╭──

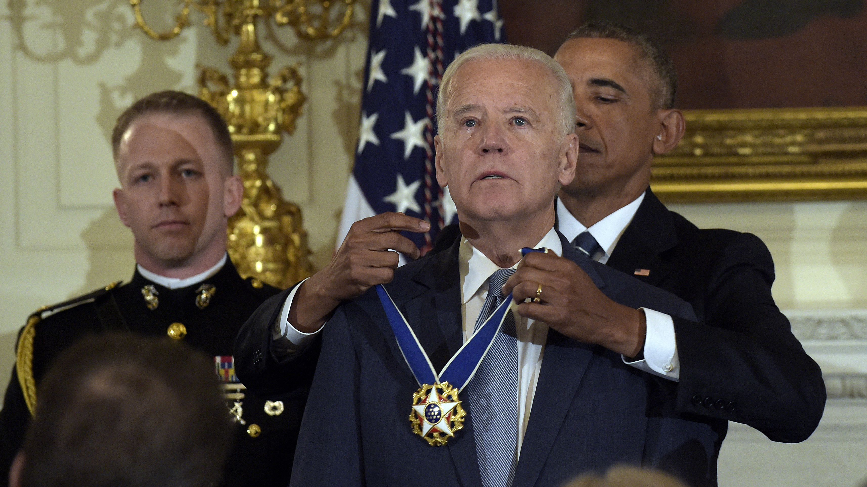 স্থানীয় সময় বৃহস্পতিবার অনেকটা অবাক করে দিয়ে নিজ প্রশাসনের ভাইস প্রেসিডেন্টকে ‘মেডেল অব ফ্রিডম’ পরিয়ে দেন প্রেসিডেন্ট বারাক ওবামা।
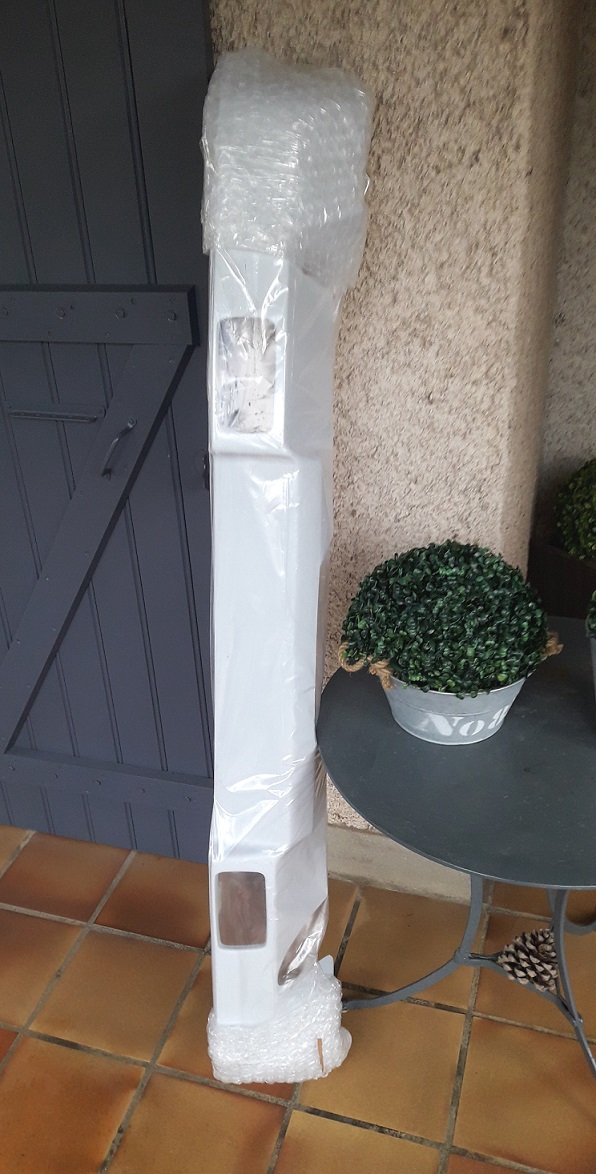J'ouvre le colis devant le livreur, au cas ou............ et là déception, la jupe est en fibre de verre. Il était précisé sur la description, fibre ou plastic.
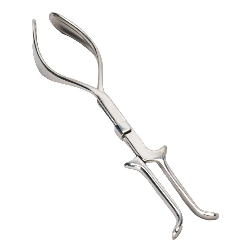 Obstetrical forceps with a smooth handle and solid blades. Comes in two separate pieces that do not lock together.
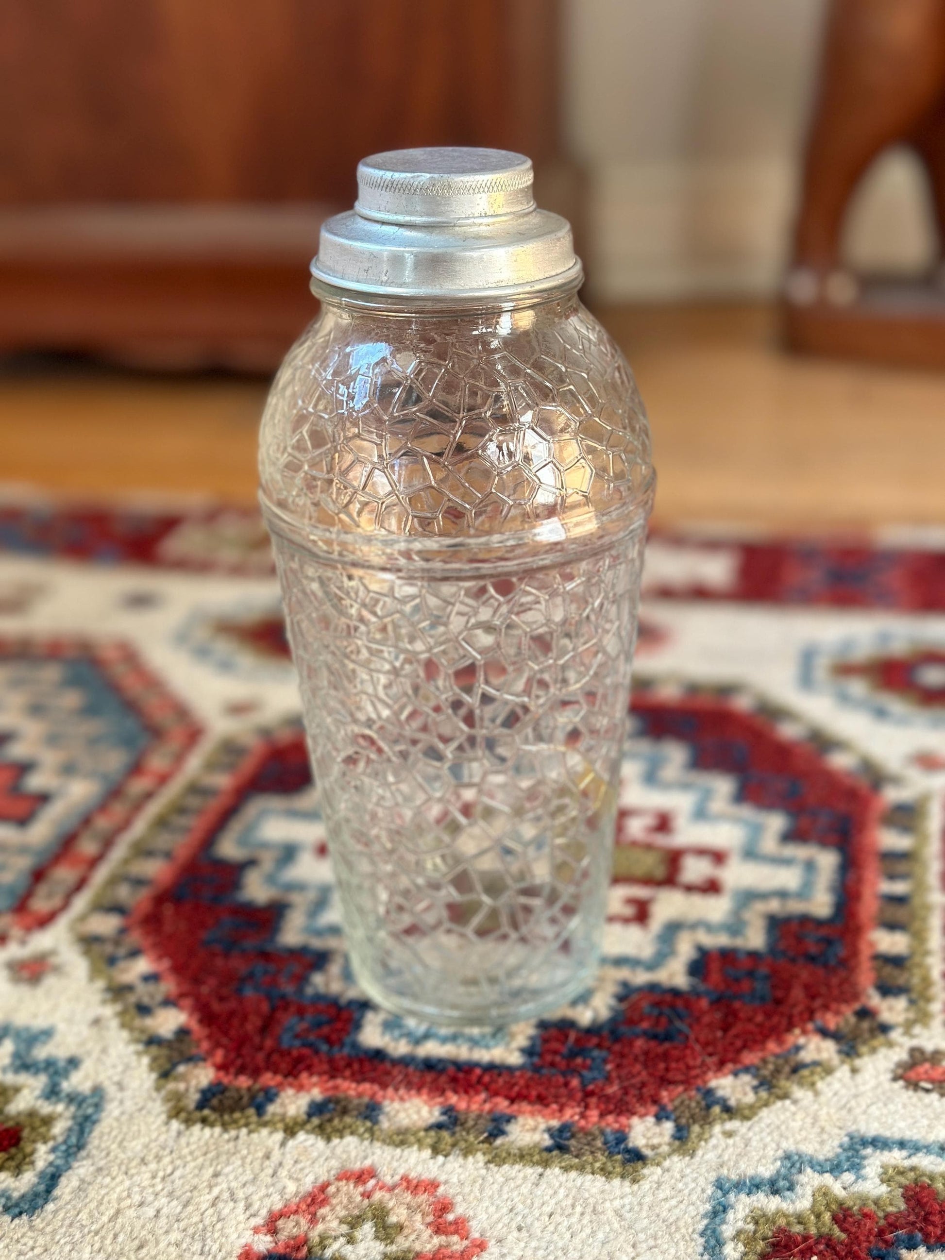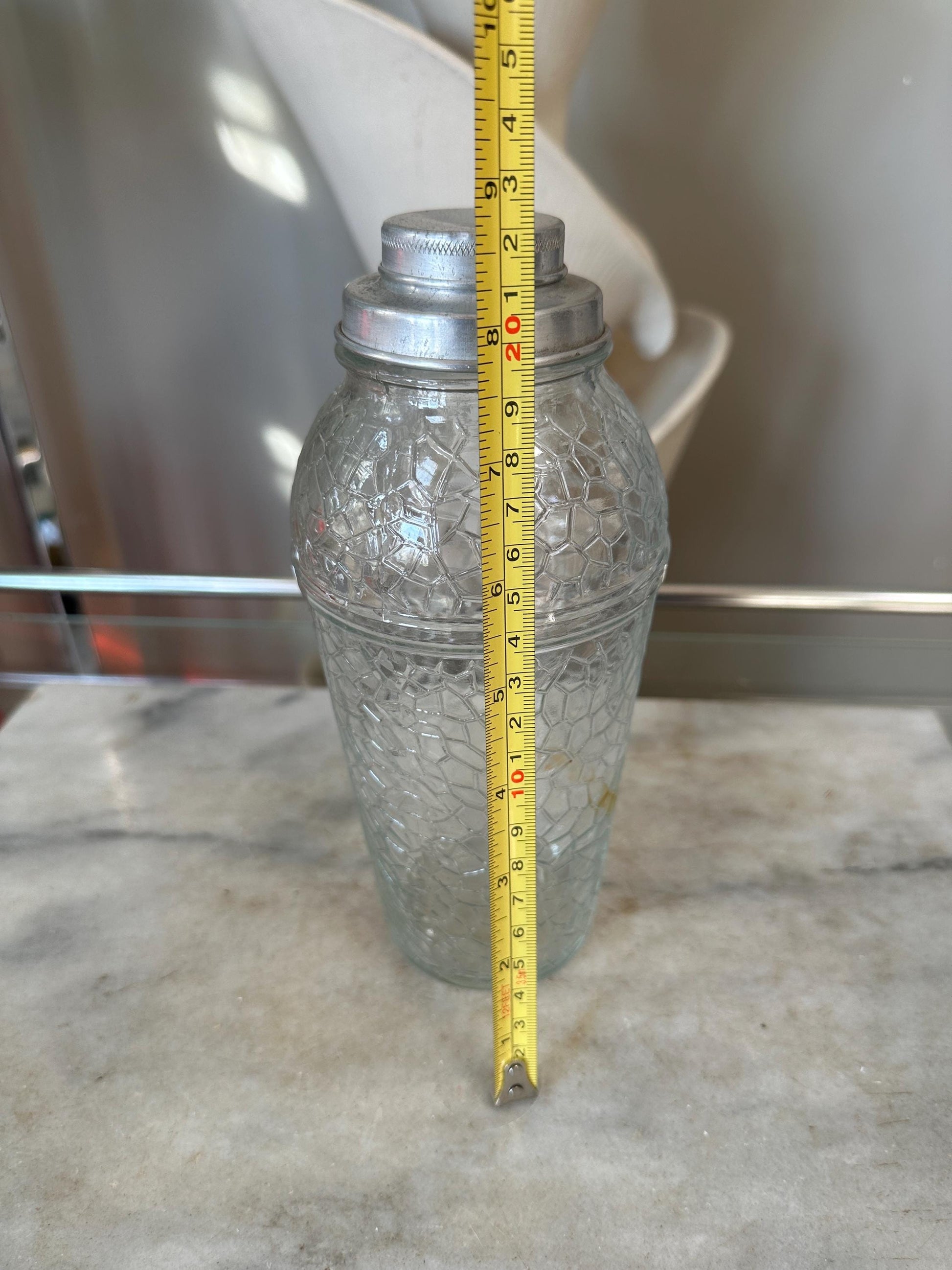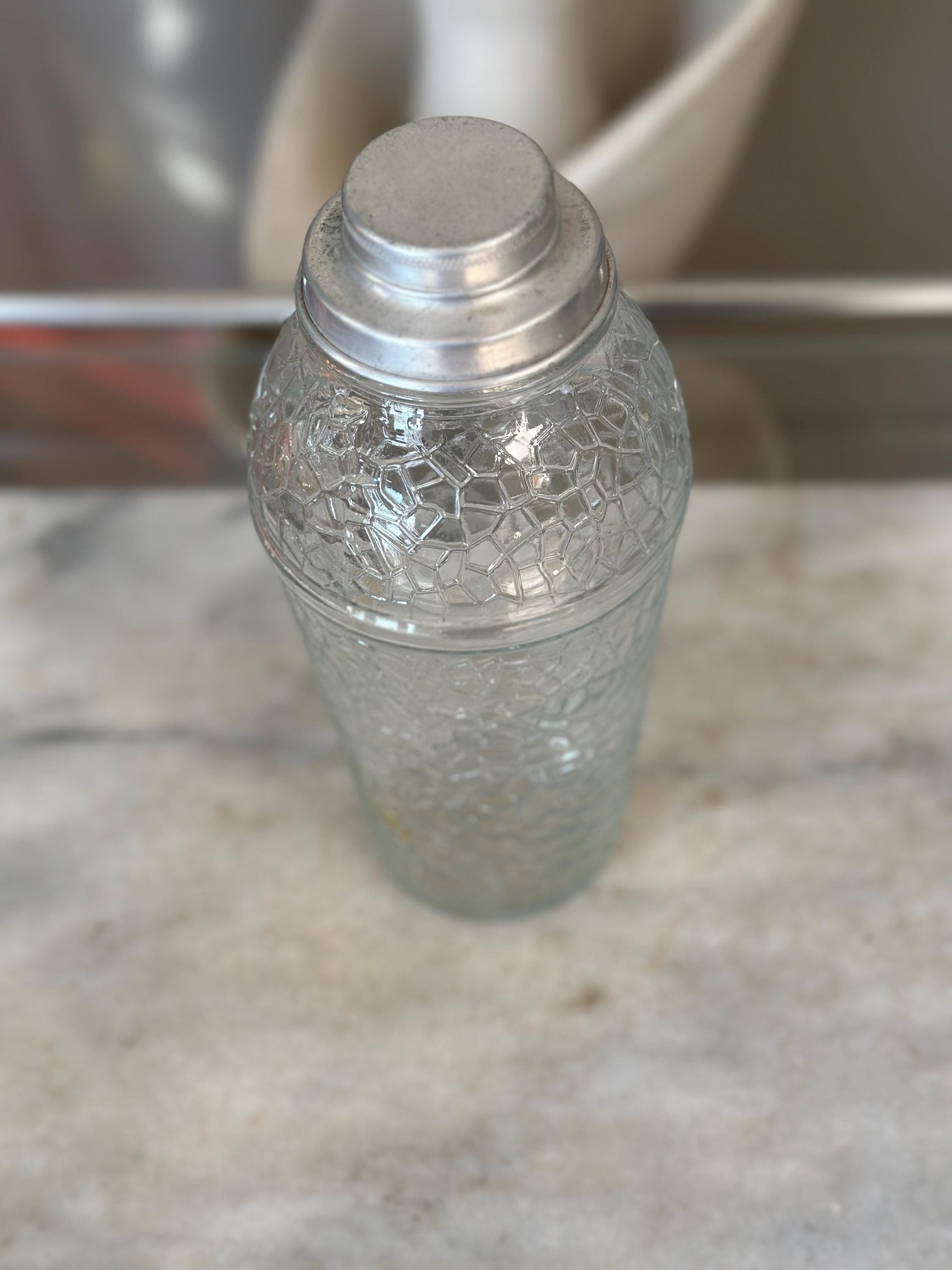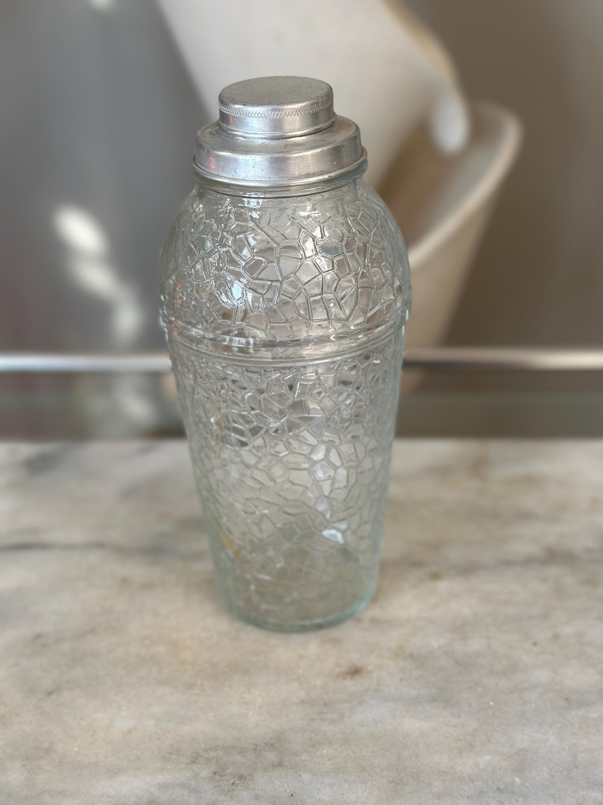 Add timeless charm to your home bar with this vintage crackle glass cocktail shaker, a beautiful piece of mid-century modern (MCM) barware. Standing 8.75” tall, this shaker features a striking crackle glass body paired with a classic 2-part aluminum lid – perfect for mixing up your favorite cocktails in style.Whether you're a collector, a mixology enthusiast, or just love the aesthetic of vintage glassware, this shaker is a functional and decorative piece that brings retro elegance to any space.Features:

╰──

> Activity
Output, exactly as written, only the lines from the beginning of the listing through the line containing "J'ouvre le colis", both included, and no pictures.

> Answer
 স্থানীয় সময় বৃহস্পতিবার অনেকটা অবাক করে দিয়ে নিজ প্রশাসনের ভাইস প্রেসিডেন্টকে ‘মেডেল অব ফ্রিডম’ পরিয়ে দেন প্রেসিডেন্ট বারাক ওবামা।
J'ouvre le colis devant le livreur, au cas ou............ et là déception, la jupe est en fibre de verre. Il était précisé sur la description, fibre ou plastic.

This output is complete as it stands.